#### Required action
Please retype every entry as written, and keep the pictures out.

(Stored data)
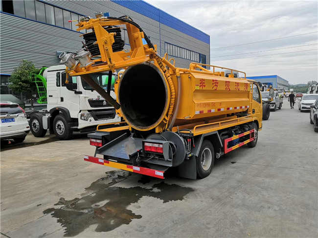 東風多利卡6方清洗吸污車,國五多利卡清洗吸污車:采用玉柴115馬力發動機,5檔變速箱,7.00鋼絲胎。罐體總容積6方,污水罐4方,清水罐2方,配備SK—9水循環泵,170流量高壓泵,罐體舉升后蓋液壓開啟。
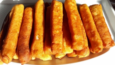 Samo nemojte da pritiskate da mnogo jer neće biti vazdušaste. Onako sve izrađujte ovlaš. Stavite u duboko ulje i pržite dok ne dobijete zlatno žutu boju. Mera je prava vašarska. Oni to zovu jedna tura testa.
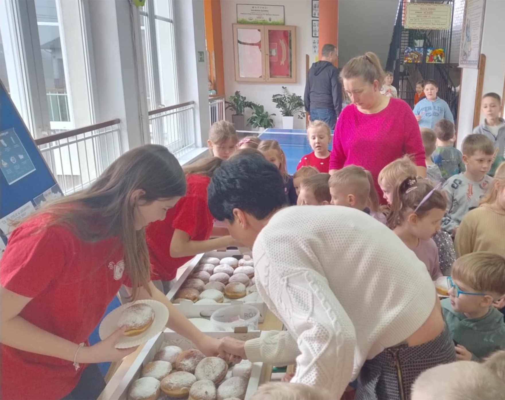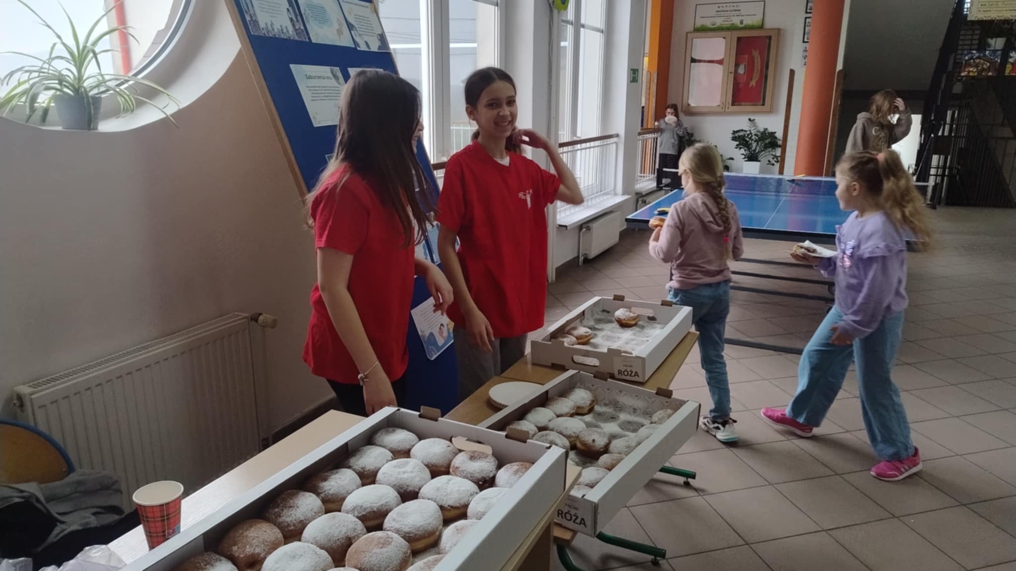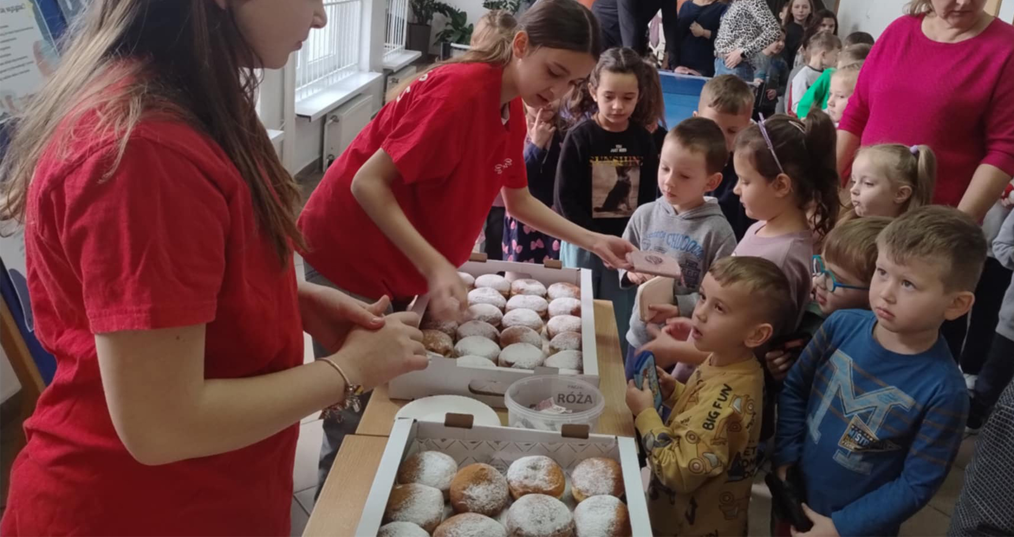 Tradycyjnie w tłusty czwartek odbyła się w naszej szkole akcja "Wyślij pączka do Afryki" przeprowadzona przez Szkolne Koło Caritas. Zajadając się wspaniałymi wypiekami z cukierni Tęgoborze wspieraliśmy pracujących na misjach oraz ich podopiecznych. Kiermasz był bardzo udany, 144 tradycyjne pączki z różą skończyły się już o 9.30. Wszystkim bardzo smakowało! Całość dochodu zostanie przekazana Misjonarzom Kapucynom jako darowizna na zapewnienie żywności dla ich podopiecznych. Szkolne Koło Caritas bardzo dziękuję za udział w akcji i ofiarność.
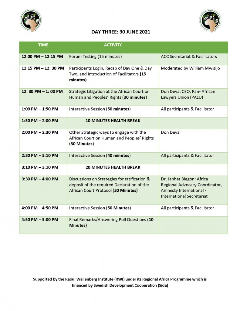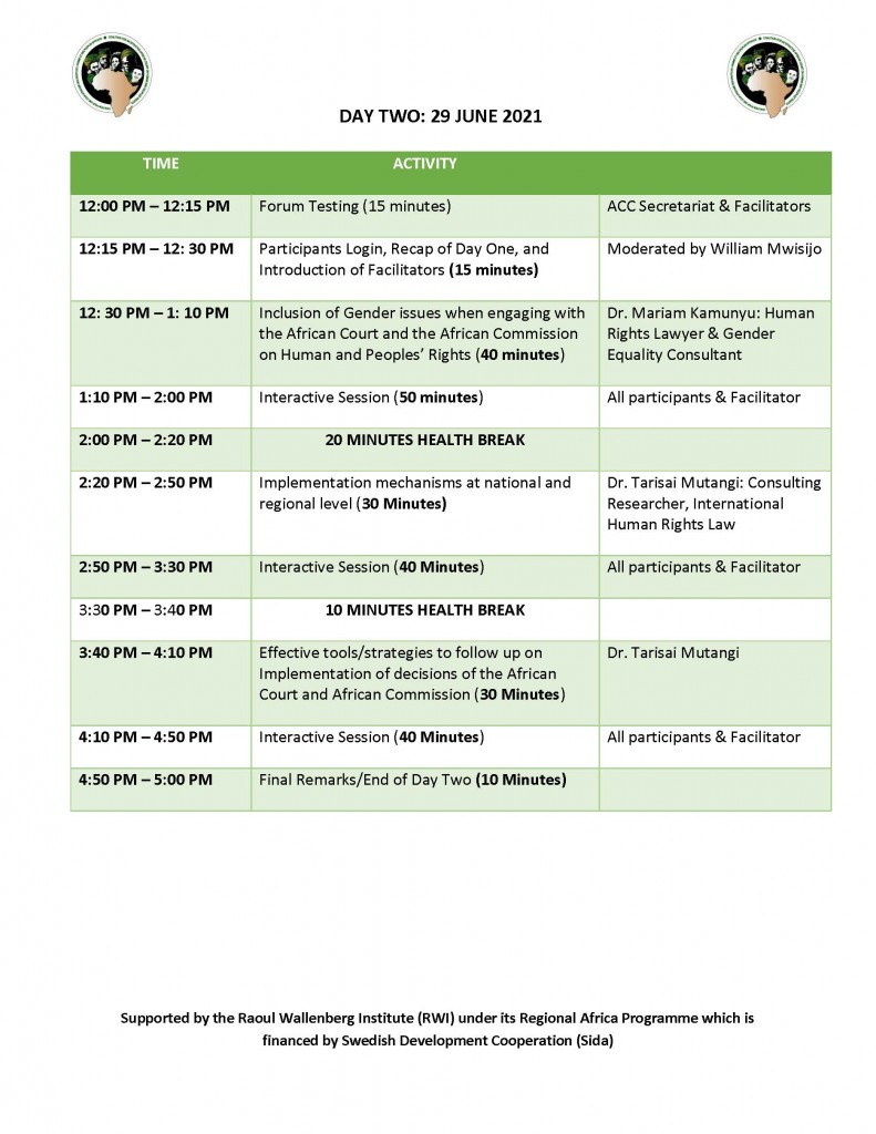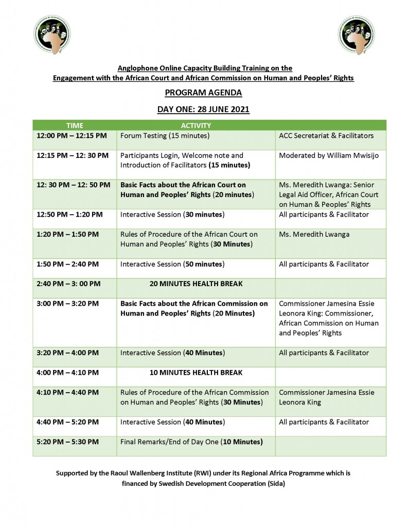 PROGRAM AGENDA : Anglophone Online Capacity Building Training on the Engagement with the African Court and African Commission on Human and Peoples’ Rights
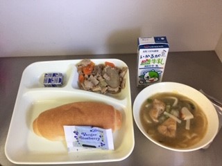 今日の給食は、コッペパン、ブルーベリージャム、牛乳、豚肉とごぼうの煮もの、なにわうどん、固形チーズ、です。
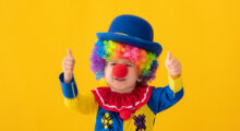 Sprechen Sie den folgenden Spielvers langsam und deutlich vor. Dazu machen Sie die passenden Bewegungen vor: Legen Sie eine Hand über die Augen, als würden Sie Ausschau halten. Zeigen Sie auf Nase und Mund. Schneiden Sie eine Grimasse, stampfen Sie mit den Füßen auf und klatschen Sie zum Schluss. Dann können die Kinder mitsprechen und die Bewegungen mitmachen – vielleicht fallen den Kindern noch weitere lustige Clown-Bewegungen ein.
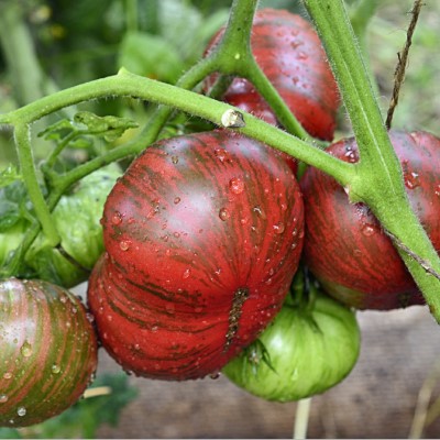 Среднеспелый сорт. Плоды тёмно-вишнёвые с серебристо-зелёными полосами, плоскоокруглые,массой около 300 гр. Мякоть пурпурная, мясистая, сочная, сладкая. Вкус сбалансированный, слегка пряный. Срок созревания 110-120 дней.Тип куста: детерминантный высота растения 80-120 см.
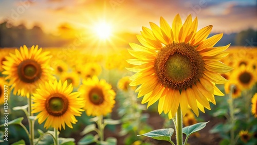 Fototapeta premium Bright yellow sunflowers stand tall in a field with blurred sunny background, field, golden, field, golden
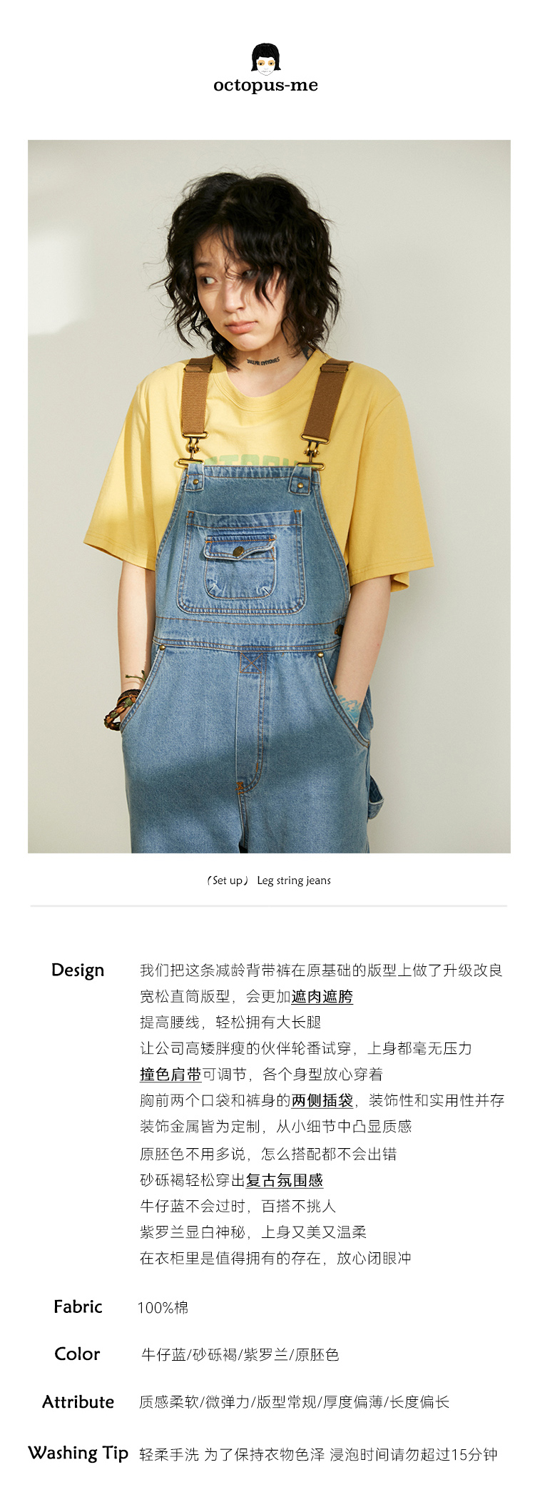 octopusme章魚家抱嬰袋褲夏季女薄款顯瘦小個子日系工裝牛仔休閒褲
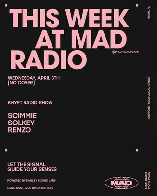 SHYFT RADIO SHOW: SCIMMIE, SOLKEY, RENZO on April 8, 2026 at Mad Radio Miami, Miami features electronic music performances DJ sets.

#### Result for this exercise
 東風多利卡6方清洗吸污車,國五多利卡清洗吸污車:采用玉柴115馬力發動機,5檔變速箱,7.00鋼絲胎。罐體總容積6方,污水罐4方,清水罐2方,配備SK—9水循環泵,170流量高壓泵,罐體舉升后蓋液壓開啟。
 Samo nemojte da pritiskate da mnogo jer neće biti vazdušaste. Onako sve izrađujte ovlaš. Stavite u duboko ulje i pržite dok ne dobijete zlatno žutu boju. Mera je prava vašarska. Oni to zovu jedna tura testa.
 Tradycyjnie w tłusty czwartek odbyła się w naszej szkole akcja "Wyślij pączka do Afryki" przeprowadzona przez Szkolne Koło Caritas. Zajadając się wspaniałymi wypiekami z cukierni Tęgoborze wspieraliśmy pracujących na misjach oraz ich podopiecznych. Kiermasz był bardzo udany, 144 tradycyjne pączki z różą skończyły się już o 9.30. Wszystkim bardzo smakowało! Całość dochodu zostanie przekazana Misjonarzom Kapucynom jako darowizna na zapewnienie żywności dla ich podopiecznych. Szkolne Koło Caritas bardzo dziękuję za udział w akcji i ofiarność.
 PROGRAM AGENDA : Anglophone Online Capacity Building Training on the Engagement with the African Court and African Commission on Human and Peoples’ Rights
 今日の給食は、コッペパン、ブルーベリージャム、牛乳、豚肉とごぼうの煮もの、なにわうどん、固形チーズ、です。
 Sprechen Sie den folgenden Spielvers langsam und deutlich vor. Dazu machen Sie die passenden Bewegungen vor: Legen Sie eine Hand über die Augen, als würden Sie Ausschau halten. Zeigen Sie auf Nase und Mund. Schneiden Sie eine Grimasse, stampfen Sie mit den Füßen auf und klatschen Sie zum Schluss. Dann können die Kinder mitsprechen und die Bewegungen mitmachen – vielleicht fallen den Kindern noch weitere lustige Clown-Bewegungen ein.
 Среднеспелый сорт. Плоды тёмно-вишнёвые с серебристо-зелёными полосами, плоскоокруглые,массой около 300 гр. Мякоть пурпурная, мясистая, сочная, сладкая. Вкус сбалансированный, слегка пряный. Срок созревания 110-120 дней.Тип куста: детерминантный высота растения 80-120 см.
 Fototapeta premium Bright yellow sunflowers stand tall in a field with blurred sunny background, field, golden, field, golden
 octopusme章魚家抱嬰袋褲夏季女薄款顯瘦小個子日系工裝牛仔休閒褲
 SHYFT RADIO SHOW: SCIMMIE, SOLKEY, RENZO on April 8, 2026 at Mad Radio Miami, Miami features electronic music performances DJ sets.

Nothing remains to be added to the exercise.